→ **Exercise instructions**
Among the records below, find the line with "babyGap Classic Stroller" and the line with "Социальный конфликт и". Set down both and every line between, exactly and with no pictures, but nothing else.

** Dataset follows **

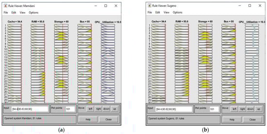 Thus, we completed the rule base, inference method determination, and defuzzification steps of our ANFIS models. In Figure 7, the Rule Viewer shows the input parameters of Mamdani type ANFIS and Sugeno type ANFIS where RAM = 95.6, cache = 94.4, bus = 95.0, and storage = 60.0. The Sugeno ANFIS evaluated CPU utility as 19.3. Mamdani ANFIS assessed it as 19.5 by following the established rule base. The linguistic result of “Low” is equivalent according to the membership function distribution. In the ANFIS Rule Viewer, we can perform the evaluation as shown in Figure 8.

** End of Dataset **
** Dataset follows **

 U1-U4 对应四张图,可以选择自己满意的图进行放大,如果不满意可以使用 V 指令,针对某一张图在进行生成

** End of Dataset **
** Dataset follows **

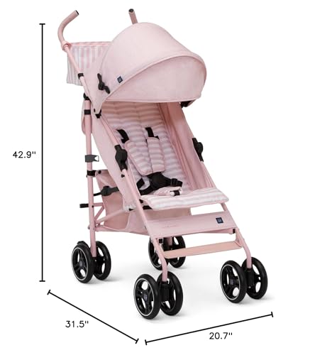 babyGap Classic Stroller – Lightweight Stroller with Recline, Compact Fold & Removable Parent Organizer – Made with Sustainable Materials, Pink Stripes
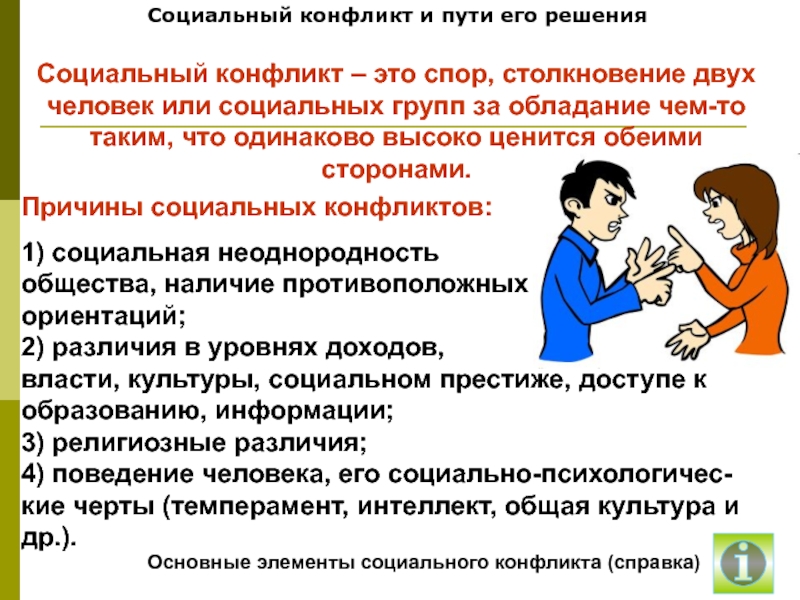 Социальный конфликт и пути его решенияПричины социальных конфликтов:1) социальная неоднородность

** End of Dataset **

→ **Response area**
 babyGap Classic Stroller – Lightweight Stroller with Recline, Compact Fold & Removable Parent Organizer – Made with Sustainable Materials, Pink Stripes
 Социальный конфликт и пути его решенияПричины социальных конфликтов:1) социальная неоднородность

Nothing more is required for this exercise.